A superação do atual modelo de política social e do trabalho exige uma

inovadora metodologia de ação governamental, capaz de identificar o cidadão na

sua totalidade. A partir disso, esta pesquisa buscou por meio de entrevistas com

famílias beneficiárias do Programa Bolsa Família observar se há, ou não, a redução

da pobreza.

Os dados demostraram que o Programa Bolsa Família tem colaborado na

autonomia e superação da pobreza. É certo que essa afirmação não exclui todos os

desafios que o Programa ainda tem que superar, mas já demonstra um caminho

coerente e desafiador, levando em conta que todas as famílias entrevistadas

relataram os benefícios do programa.

A discussão tratada possibilitou perceber que o aumento do grau de instrução

ao longo das gerações, a garantia de renda, a possibilidade de aumento de crédito,

a utilização de serviços e a aquisição de patrimônio são fatores que contribuem

substancialmente para a possibilidade de superação da miséria/ extrema pobreza

pelas famílias.

Nota-se que o discurso acerca da meritocracia e o contexto social atual,

caracterizado pelo desemprego e pela forte exploração do trabalhador, devem ser

questionados continuamente com vistas a preconizar a superação da pobreza.

Enfim, para ocorrer de fato uma inclusão social aos que estão à margem das

conquistas sociais faz-se necessário que as politicas públicas tenham sua

centralidade nos sujeitos, a partir da valorização de seu território, de sua cultura, de

seus conhecimentos acerca da vida, ou seja, que essas políticas sejam pensadas a

partir da perspectiva de quem é seu público.

Ou seja, não adianta condicionar a transferência de renda à presença na

escola caso não se pense na escola para o pobre.

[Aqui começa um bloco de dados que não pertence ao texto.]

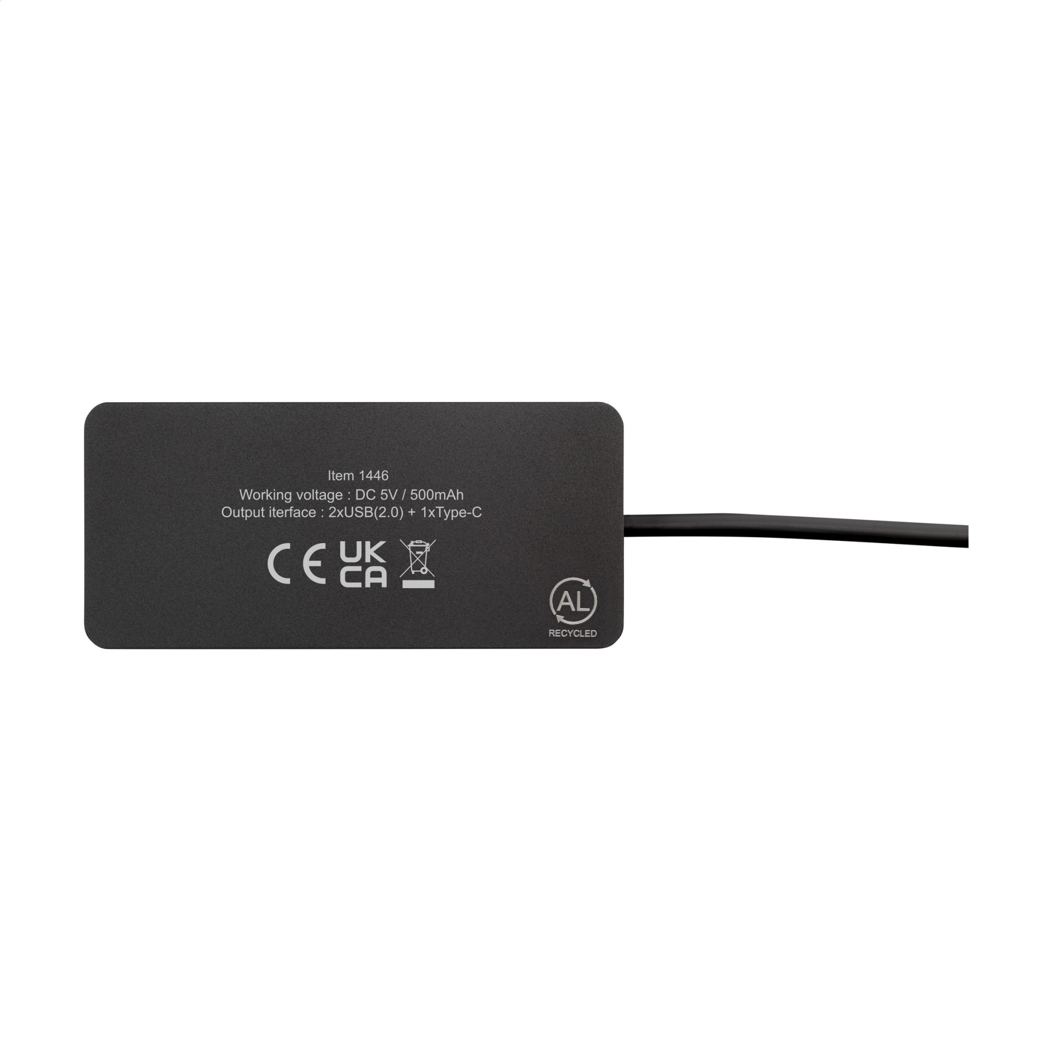 Kompaktne ja kerge 2.0 USB-jaotur. Korpus on valmistatud 100% GRS-sertifikaadiga taaskasutatud alumiiniumist. Varustatud 3 USB-pordiga: 1 USB-A 2.0 port ja 2 Type-C porti lisaseadmete ühendamiseks. Kaasas sobiv must kaabel kahe sisendiga, mis sobib nii c-tüüpi kui ka USB-A arvutitele. Kokku taaskasutatud materjal: 50%. Kasutades taaskasutatud alumiiniumi, kasutatakse selle toote valmistamisel vähem uusi tooraineid. See tähendab väiksemat energiatarbimist ja vähem veekasutust. Vastutustundlik valik. Iga ese on eraldi karbis.

Não há nada mais enriquecedor

no ambiente escolar que as próprias vivências de seus alunos e o entendimento de

que a pobreza é uma condição, não uma identidade, fruto da dinâmica social e esta

discussão deve ser promovida no ambiente escolar, fazendo da pobreza um tema a

ser abordado por toda comunidade escolar.

Assim, as políticas públicas devem voltar seus esforços à educação, pois

talvez seja o único caminho capaz de diminuir as consequências desse modo de

produção em que vivemos e que continua a sustentar poucos e a explorar muitos.